Unlocking RNA functionality: A redox-responsive approach

Unlocking RNA functionality: A redox-responsive approach
Schematic showing the development of a new strategy for ribonucleic acid (RNA) delivery and reversible control. This method involves modifying the RNA with the addition of a disulfide bond that prevents it from interacting with cellular machinery. When introduced into a cellular environment with reducing agents, this modification is reversed, allowing the RNA to exert its desired effect. Credit: Angewandte Chemie International Edition

National University of Singapore (NUS) chemists have developed a strategy using disulfide-containing small molecules to facilitate the reversible control and delivery of ribonucleic acid (RNA).

RNA-based therapeutics have emerged as one of the most sought-after therapeutic modalities in recent years. However, RNA delivery remains a major challenge in the field. Lipid nanoparticles, despite being widely used for RNA delivery including the delivery of COVID-19 mRNA vaccines, face several limitations such as their effectiveness and safety. Alternative methods that can potentially overcome these limitations are highly desirable.

A research team led by Assistant Professor Zhu Ru-Yi, from the Department of Chemistry at NUS have developed a method that takes advantage of a chemical process called post-synthetic RNA acylation chemistry, and combined it with dynamic disulfide exchange reaction for RNA delivery and reversible control. The research findings are published in the journal Angewandte Chemie International Edition.

This method provides a way to mask the RNA molecule, and researchers can potentially regulate its activity and delivery until it reaches its target site within the cell.

The researchers found that by adding special chemical markers (disulfide-containing groups) to the RNA, these groups can block RNA’s catalytic activity and folding, temporarily hiding the instructions. Then, when needed, they can activate the RNA by removing these markers, allowing cells to read and act upon the instructions again.

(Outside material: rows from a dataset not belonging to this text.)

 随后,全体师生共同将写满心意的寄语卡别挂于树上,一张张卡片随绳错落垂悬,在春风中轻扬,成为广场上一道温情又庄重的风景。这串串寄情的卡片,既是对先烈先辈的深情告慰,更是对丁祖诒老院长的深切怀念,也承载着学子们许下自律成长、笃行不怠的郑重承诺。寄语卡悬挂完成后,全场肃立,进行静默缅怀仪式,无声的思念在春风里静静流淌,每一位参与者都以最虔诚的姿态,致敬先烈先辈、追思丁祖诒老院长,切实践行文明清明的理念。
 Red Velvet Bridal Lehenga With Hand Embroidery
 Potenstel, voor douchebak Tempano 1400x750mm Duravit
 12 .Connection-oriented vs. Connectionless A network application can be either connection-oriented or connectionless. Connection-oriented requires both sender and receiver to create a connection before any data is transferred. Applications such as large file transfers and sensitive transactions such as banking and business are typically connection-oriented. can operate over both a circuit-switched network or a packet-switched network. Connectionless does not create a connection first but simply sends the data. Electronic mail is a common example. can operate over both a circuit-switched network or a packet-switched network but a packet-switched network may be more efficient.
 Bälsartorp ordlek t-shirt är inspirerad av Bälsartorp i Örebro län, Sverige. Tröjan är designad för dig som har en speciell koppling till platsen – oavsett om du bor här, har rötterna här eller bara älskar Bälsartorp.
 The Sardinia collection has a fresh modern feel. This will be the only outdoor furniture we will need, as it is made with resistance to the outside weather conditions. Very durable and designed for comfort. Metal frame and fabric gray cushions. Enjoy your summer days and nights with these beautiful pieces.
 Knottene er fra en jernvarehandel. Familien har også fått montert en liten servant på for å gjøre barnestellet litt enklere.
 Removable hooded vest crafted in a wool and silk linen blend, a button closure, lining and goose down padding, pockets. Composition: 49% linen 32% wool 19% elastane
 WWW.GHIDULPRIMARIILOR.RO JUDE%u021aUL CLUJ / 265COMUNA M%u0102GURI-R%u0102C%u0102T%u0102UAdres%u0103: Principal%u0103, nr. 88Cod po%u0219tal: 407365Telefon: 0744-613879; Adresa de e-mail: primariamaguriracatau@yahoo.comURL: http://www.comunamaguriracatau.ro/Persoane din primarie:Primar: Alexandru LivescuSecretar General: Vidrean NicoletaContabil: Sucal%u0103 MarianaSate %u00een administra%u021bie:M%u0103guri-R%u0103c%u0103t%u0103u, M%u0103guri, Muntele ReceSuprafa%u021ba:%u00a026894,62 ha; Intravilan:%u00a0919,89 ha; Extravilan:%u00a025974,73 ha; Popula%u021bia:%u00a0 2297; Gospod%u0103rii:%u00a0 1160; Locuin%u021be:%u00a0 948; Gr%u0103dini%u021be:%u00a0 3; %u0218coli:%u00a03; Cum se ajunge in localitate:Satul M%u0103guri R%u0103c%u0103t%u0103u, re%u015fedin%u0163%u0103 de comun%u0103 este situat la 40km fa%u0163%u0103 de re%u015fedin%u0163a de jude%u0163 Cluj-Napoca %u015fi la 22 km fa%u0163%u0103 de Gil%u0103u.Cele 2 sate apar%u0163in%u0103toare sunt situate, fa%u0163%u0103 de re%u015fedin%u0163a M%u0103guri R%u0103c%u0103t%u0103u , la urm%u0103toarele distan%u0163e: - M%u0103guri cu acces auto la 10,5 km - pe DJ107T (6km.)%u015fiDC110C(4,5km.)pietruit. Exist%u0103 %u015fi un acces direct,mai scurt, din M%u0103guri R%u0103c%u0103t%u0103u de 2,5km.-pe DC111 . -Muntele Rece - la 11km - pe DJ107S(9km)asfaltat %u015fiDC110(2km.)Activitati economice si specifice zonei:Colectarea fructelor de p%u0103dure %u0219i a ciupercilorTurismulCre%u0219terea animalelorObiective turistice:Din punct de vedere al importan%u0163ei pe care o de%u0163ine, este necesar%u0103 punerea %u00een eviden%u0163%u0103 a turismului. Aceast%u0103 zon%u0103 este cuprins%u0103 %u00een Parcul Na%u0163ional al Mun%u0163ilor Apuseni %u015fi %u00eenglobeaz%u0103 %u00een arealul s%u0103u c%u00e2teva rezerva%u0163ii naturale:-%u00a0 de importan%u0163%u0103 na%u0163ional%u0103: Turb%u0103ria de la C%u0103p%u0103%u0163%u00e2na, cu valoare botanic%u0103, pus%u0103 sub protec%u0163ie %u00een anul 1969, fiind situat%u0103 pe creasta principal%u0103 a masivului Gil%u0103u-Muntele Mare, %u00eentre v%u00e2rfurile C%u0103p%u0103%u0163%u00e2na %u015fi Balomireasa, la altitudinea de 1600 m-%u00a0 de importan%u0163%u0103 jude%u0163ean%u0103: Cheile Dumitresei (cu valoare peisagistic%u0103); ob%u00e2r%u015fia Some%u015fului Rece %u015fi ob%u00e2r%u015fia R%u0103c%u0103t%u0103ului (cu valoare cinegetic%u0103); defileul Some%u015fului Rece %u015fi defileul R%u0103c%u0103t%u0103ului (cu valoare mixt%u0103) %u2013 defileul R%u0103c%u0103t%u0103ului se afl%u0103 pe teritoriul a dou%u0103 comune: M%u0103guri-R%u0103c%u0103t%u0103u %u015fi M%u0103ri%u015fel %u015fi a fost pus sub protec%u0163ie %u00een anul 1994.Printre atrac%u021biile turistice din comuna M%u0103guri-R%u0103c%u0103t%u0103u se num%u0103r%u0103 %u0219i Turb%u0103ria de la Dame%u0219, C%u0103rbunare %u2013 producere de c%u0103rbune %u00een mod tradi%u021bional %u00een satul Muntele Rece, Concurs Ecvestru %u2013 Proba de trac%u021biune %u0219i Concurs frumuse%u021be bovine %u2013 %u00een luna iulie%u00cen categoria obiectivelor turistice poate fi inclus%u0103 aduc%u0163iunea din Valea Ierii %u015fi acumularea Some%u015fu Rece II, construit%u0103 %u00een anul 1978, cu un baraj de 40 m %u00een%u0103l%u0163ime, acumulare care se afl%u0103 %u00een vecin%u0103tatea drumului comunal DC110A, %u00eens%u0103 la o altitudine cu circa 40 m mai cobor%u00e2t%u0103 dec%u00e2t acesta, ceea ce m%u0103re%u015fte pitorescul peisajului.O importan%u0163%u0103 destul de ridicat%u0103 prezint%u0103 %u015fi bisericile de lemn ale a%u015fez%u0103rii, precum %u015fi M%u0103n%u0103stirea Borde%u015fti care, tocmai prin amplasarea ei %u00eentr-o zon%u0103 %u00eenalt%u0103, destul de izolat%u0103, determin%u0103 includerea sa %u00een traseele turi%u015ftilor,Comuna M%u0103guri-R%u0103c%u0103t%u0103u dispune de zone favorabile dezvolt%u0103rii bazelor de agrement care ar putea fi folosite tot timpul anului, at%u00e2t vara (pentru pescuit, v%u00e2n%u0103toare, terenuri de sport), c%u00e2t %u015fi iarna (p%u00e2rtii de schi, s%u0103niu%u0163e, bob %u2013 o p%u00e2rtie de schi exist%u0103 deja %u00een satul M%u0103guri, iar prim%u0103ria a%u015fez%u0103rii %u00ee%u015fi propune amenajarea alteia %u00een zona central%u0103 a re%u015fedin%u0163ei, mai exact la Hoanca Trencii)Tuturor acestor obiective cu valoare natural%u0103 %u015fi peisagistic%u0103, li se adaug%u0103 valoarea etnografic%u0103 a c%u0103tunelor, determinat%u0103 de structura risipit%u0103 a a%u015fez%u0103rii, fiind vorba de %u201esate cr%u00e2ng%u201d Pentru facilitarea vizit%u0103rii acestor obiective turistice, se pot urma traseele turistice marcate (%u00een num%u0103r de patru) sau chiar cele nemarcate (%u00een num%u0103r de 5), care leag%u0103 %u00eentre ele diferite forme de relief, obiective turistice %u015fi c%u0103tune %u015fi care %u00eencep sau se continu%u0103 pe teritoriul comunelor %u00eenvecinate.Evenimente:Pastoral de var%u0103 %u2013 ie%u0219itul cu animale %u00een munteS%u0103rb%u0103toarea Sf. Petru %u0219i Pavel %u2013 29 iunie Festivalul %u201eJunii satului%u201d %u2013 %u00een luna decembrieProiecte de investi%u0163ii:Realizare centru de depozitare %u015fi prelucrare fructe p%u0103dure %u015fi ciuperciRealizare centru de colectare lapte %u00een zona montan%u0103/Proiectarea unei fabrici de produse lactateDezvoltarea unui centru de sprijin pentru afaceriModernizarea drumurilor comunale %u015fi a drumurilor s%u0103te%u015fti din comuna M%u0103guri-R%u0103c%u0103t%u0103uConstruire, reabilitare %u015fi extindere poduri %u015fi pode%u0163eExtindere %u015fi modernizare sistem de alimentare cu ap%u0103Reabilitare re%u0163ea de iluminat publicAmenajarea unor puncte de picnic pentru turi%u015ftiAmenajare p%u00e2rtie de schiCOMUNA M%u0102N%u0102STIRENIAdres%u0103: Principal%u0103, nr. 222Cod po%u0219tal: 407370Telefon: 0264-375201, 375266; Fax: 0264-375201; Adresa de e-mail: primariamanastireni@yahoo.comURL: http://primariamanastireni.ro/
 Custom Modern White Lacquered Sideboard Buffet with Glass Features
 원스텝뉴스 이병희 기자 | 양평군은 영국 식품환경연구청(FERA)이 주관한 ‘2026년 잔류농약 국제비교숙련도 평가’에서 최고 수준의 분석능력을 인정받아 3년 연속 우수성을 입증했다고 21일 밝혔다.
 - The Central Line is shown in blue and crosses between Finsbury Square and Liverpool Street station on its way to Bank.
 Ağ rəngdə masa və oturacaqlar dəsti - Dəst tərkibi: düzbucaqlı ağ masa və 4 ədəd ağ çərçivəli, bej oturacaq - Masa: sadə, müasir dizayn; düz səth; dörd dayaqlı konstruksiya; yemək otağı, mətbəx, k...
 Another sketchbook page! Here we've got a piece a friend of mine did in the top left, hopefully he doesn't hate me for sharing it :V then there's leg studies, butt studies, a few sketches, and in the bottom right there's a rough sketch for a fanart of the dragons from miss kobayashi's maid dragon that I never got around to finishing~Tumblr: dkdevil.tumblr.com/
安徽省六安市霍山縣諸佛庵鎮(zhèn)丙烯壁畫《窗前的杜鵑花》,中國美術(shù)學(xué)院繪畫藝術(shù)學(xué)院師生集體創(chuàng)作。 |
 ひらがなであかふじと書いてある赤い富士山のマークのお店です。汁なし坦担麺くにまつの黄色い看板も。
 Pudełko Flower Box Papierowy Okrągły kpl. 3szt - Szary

This strategy allows the RNA to enter cells quickly, distribute effectively, and become active in the cell’s cytosol without getting trapped in lysosomes. The researchers believe that their methodology will be accessible to laboratories engaged in RNA biology and holds promise as a versatile platform for RNA-based applications.

Prof Zhu said, «Our studies showcase the first example of RNA delivery into cells using only small molecules.»

«The simplicity of our method for modifying RNA and the unique delivery mechanism will undoubtedly attract more researchers to adopt and improve the method. We believe that our work will facilitate numerous applications in the field of RNA biology and biomedicines,» added Prof Zhu.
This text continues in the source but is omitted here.